Gaiolas de ouro

Gianni Morandi ergueu a guitarra e mandou ver: “C’era um ragazzo che come me amava i Beatles e i Rolling Stones…” e terminava, cantando: “Nel petto un cuore più non há. Ma due medaglie o tre tatatatatatatatatata…”. Já comentei sobre eles aqui. Talvez, de forma extemporânea, também, como o ragazzo de Morandi, amassem os Beatles e os Rolling Stones. Mas tudo o que queriam, mesmo, era fabricar uma cerveja artesanal de excepcional qualidade.

E assim caminhava a vida. Vitórias, derrotas, descobertas, percalços, tudo dentro da normalidade das pequenas empresas e de empreendedores que decidiram viajar nos próprios sonhos. Corta para 2017. Agora são diretores da Ambev! Que merda! Venderam os sonhos. Não resistiram.

Tiago e José Felipe Carneiro – Wäls – e Marcelo Carneiro – Colorado. O Carneiro no sobrenome é mera coincidência. Ou, quem sabe, o “critério” que a megacorporação adota – na falta de outro melhor – para escolher os protagonistas de uma história a ser fabricada sobre outra que fora contada e interrompida. E aí, a PEGN foi entrevistar agora, pouco mais de dois anos depois, os adquiridos, comprados ou vendidos.

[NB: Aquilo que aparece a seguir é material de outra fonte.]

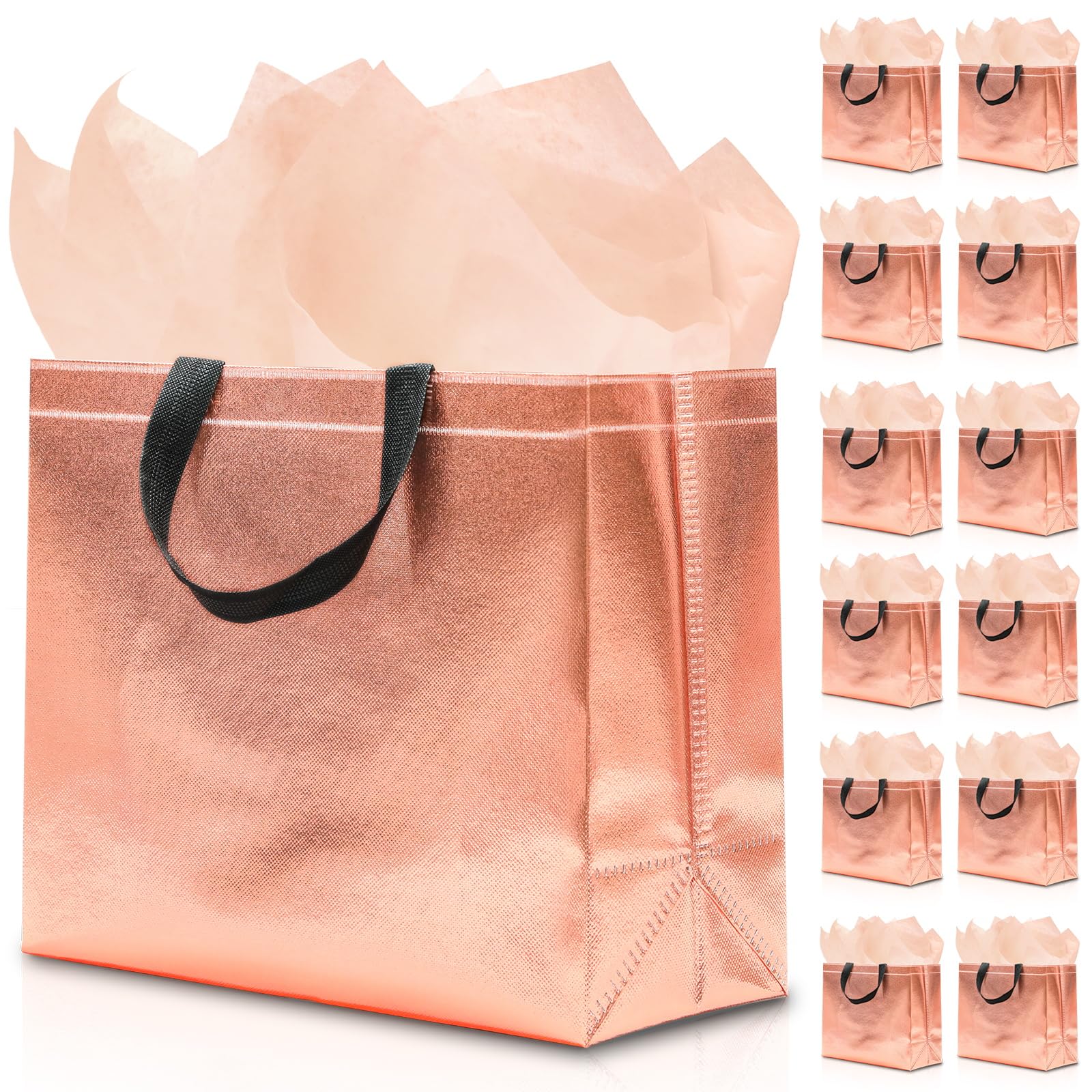 - 【Light, Foldable & Ready for Any Occasion】Our 12 reusable gift bags with handles are lightweight and foldable for easy storage without taking up space. These shiny rose gold gift bags are perfect for any event such as a birthday, wedding, bachelor party, etc. Whether used as a gift bag, shopping bag or party gift bag, these versatile bags are designed to enhance the atmosphere of every occasion.

Marcelo Carneiro, 57 anos, Colorado: “O que mudou após a venda?”. Marcelo: “Não perdemos nenhum funcionário importante nem tivemos de fazer demissões. Já na parte do maquinário é tudo mais moderno…, mas a melhor mudança é que eu não tenho mais de me preocupar em pagar as contas do mês…”.

Tiago Carneiro, 34 anos, Wäls: “Qual o seu papel atualmente?”. Tiago: “A AB InBev, controladora da Ambev, criou uma área global de novos negócios chamada Disruptive Growth Organization. Fomos a primeira empresa do mundo a fazer parte dela. Eu e meu irmão ocupamos oficialmente cargos de diretoria dentro dessa área. O relacionamento com os demais funcionários é muito menos traumático do que eu imaginava. Temos autonomia para tomar decisões. Essa condição foi discutida ainda durante as negociações…”.

Perceberam, esqueceram-se do produto. Nem mesmo se lembram mais dos dias e noites acordados em busca de uma marca. Os Carneiro agora vivem na gaiola. Quem sabe, talvez, de ouro. Podem cantar e voar o quanto desejarem e quiserem, desde que dentro da gaiola.

Quando os concorrentes eram/são de peso e descomunais, a AB InBev ia/vai lá e compra. Lembra Anheuser-Busch, a dona da Budweiser, 2008. Lembra Sabmiller, 2016. E quem mais se colocar pelo caminho. Passarinho pequeno, que eventualmente possa incomodar no futuro, castra-se ou desidratam-se as asas, se possível, no berçário.

Para tomar conta desse berçário, a Ambev criou uma diretoria. A de cervejas especiais. Segundo o diretor-responsável pela área, os clientes querem novos tipos de cerveja, novos estilos e produtos mais artesanais… é um negócio que vem crescendo muito mais do que a gente imaginava…”.

Tudo, eu disse tudo, que o trio de ouro ou três mosqueteiros tentaram fazer do zero deu com os burros n’água. Fracasso descomunal. São absolutamente incapazes de construir o que quer que seja.

Mas, pegar pronto e multiplicar, detonando dezenas de anos de branding, é a especialidade deles. Nisso são campeões. Jorge, Marcelo e Beto. Depois? Depois quem vier na sequência que cuide e resolva. Se você é empreendedor e tem Carneiro no sobrenome, acautele-se. Os caçadores estão de olho e no pedaço.